Die SBVg hat jüngst in einer Studie die volkswirtschaftlichen Auswirkungen der Negativzinsen aufgezeigt. Ihr, wie auch dem Anliegen der Motion Lombardi, geht es nicht um eine politische Einflussnahme auf die Nationalbank, sondern um eine Diskussion über die Folgen der aktuellen Geld- und Zinspolitik auf die Volkswirtschaft und Gesellschaft sowie die Auseinandersetzung mit den Folgen.

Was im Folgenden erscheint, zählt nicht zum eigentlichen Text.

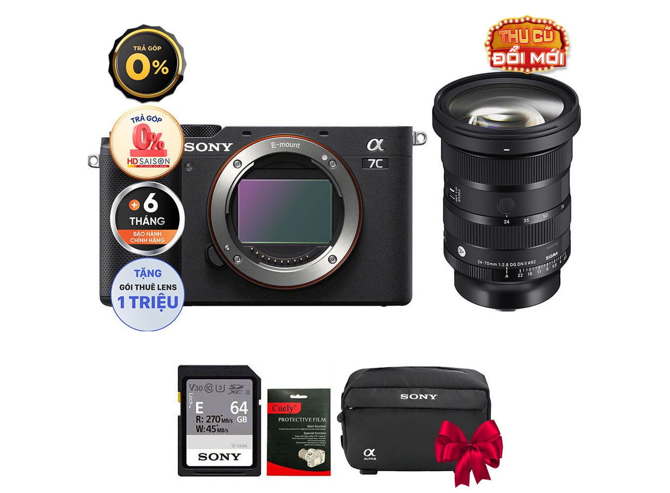 Sony A7C (Chính hãng) (Kèm Lens Sigma 24-70mm f/2.8 II, Black, Thẻ Nhớ 64GB + Túi Máy Ảnh)

Position SBVg: Annahme der Motion  

Das wirtschaftliche Umfeld mit Negativzinsen stellt für die Schweizer Volkswirtschaft eine grosse Herausforderung dar. Die SBVg unterstützt deshalb die Motion und damit die thematische Auseinandersetzung mit der Zukunft der Geld- und Zinspolitik der Schweiz und den möglichen wirtschaftspolitischen Massnahmen des Bundesrates. Dabei ist für die SBVg die Unabhängigkeit der SNB unantastbar. Eine Diskussion um die Folgen der Negativzinsen ist jedoch dringend nötig. Der Bundesrat ist zudem gefordert, mittels wirtschaftspolitischer Massnahmen die Rahmenbedingungen insgesamt zu stärken, etwa durch Verbesserung des Marktzuganges und der Schaffung wettbewerbsfähiger Rahmenbedingungen.